_EXERCISE OBJECTIVE:_
Starting at the top line and ending at the bottom one, repeat the entries exactly and drop every picture.

_EXERCISE MATERIALS:_
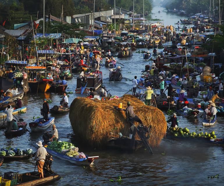 The morning at Nga Nam floating market, Mekong Delta area. +Customize editions: smaller sizes and materials (canvas or paper)
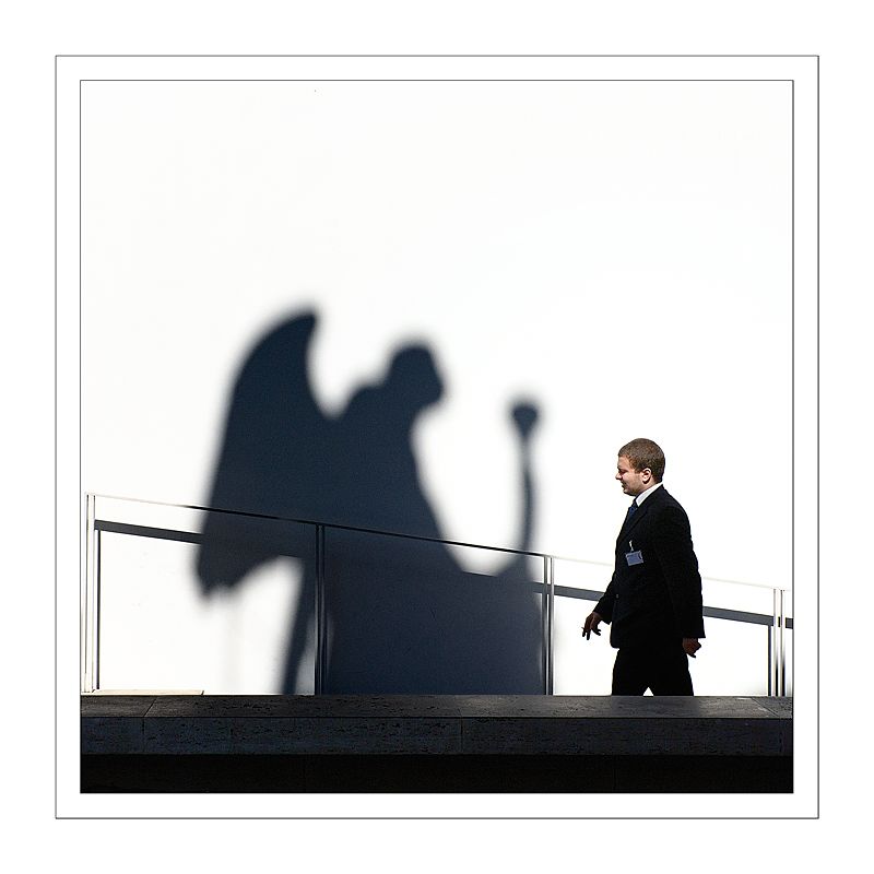 Buon colpo d'occhio. Trovo che l'efficacia sarebbe stata maggiore se la figura che passa, pur nello stesso punto, fosse stata voltata così da avere alle spalle la figura (rassicurante?, minacciosa?) dell'angelo. Ma sarebbe stato diverso, ovviamente, il senso della foto.
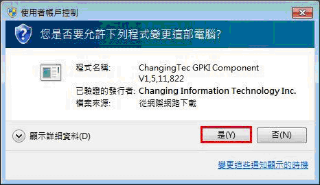 出現使用者帳戶控制,請按【是(Y)】,允許變更
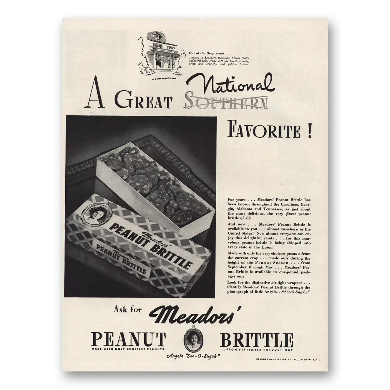1944 Meadors Peanut Brittle Print Ad | Great National Favorite
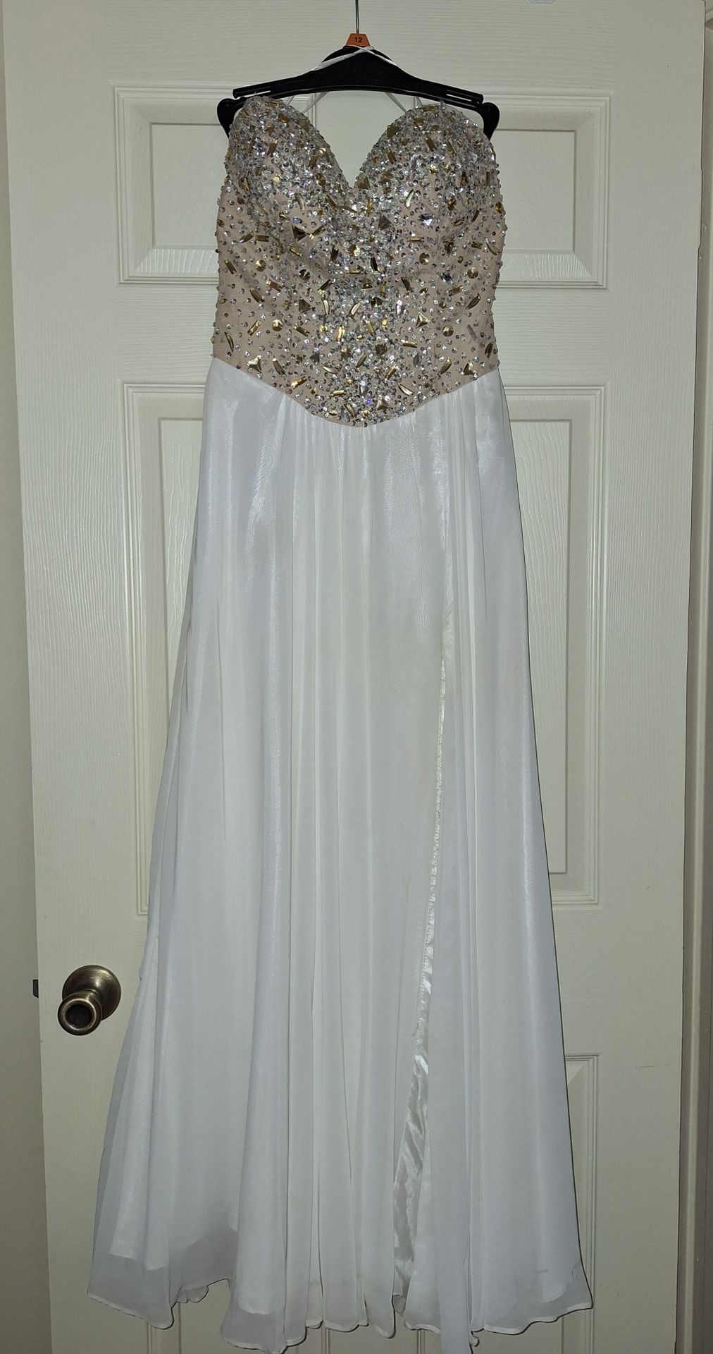 White and gold beaded prom dress

_EXERCISE SOLUTION:_
 The morning at Nga Nam floating market, Mekong Delta area. +Customize editions: smaller sizes and materials (canvas or paper)
 Buon colpo d'occhio. Trovo che l'efficacia sarebbe stata maggiore se la figura che passa, pur nello stesso punto, fosse stata voltata così da avere alle spalle la figura (rassicurante?, minacciosa?) dell'angelo. Ma sarebbe stato diverso, ovviamente, il senso della foto.
 出現使用者帳戶控制,請按【是(Y)】,允許變更
1944 Meadors Peanut Brittle Print Ad | Great National Favorite
 White and gold beaded prom dress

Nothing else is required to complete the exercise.